Beliau menjawab, “Memberikan
ucapan belasungkawa di dalam masjid tidak dianjurkan. Karena masjid dibangun
bukan untuk belasungkawa. Dia dibangun untuk menunaikan shalat, membaca
Al-Qur’an, zikir dan semisal itu. Dilarang meletakkan kursi di dalam masjid
untuk belasungkawa, karena hal itu dapat mempersempit (ruangan) masjid dan
terjadinya kegaduhan. Karena setiap orang ingin menaruh kursi di masjid
untuk belasungkawa. Padahal asalnya, menaruh kursi untuk berkumpul melakukan
belasungkawa itu tidak dikenal oleh para ulama salaf. Baik di dalam masjid
atau di tempat lain.” (Majmu Fatawa, 17/354)
Syekh Al-Albany rahimahullah
mengatakan, “Selayaknya menjauhi dua perkara, meskipun orang banyak
melakukannya, yaitu:
1.
Berkumpul untuk memberikan belasungkawa di tempat khusus
seperti rumah, kuburan atau masjid.
2.
Ahli
mayat membuat makanan untuk para tamu yang melakukan belasungkawa. “ (Ahkamu
Al-Janaiz, 1/167)
Adapun riwayat Abu Daud dalam
Sunannya, 3122 dari hadits Aisyah radhiallahu anha beliau berkata,
لما
قتل زيد بن حارثة وجعفر وعبد الله بن رواحة جلس رسول الله صلى الله عليه وسلم
في المسجد يعرف في وجهه الحزن وذكر القصة (وصححه الشيخ الألباني في "صحيح أبي
داود)
“Ketika Zaid bin Haritsah,
Ja’far dan Abdullah bin Rawahah meninggal dunia, Rasulullah sallallahu
alaihi wa sallam duduk di dalam masjid. Terlihat raut mukanya kesedihan…..

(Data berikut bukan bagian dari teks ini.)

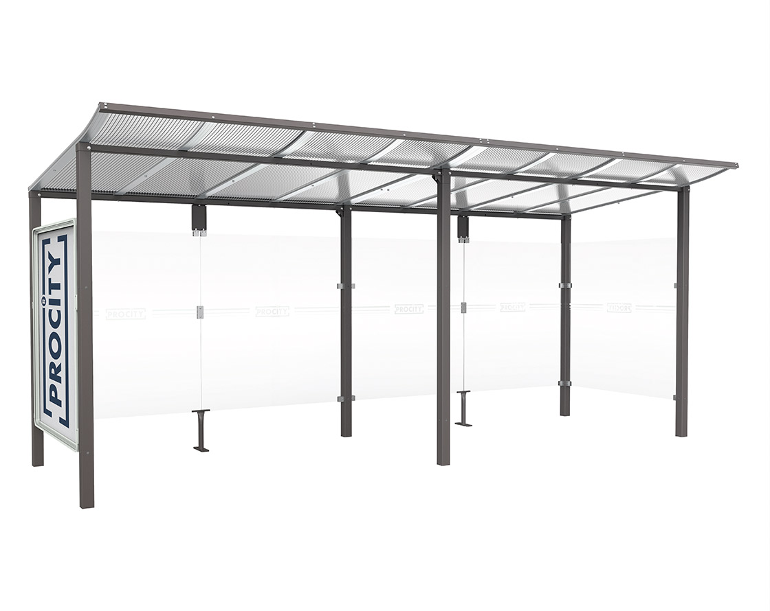 Wartehalle Modulo Farbe:Procity grau|Länge:5 000 mm|Struktur:Schaukasten und eine Seitenverkleidung|Weitere Merkmale:Zum Einbetonieren

dan disebutkan ceritanya.” Dishahihkan oleh Syekh Al-Albany di Shahih Abu
Daud)
Kita tidak memahaminya, bahwa
beliau duduk agar orang-orang datang dan memberikan belasungkawa kepadanya.”
(Asna Al-Matolib, 1/334)
Syekh Abdul Muhsin Al-Abbad
hafizahullah berkata, “Hadits ini tidak menunjukkan sebagai dalil
disyariatkannya duduk untuk menerima orang yang memberi belasungkawa dan
para tamu. Sesungguhnya beliau duduk di masjid karena pengaruh (musibah) dan
kesedihan (mendalam) sallallahu alaihi wa sallam. Bisa jadi beliau duduk,
karena dengan duduk ada ketenangan bagi diri seseorang. Hal itu lebih baik
bagi tubuh seseorang dibandingkan dia tetap berdiri.” (Syarh Sunan Abi Daud)
Kesimpulannya, bahwa
berkumpul untuk menerima belasungkawa termasuk bid’ah. Baik hal itu
dilakukan di masjid atau di tempat lain.
Wallahua'lam .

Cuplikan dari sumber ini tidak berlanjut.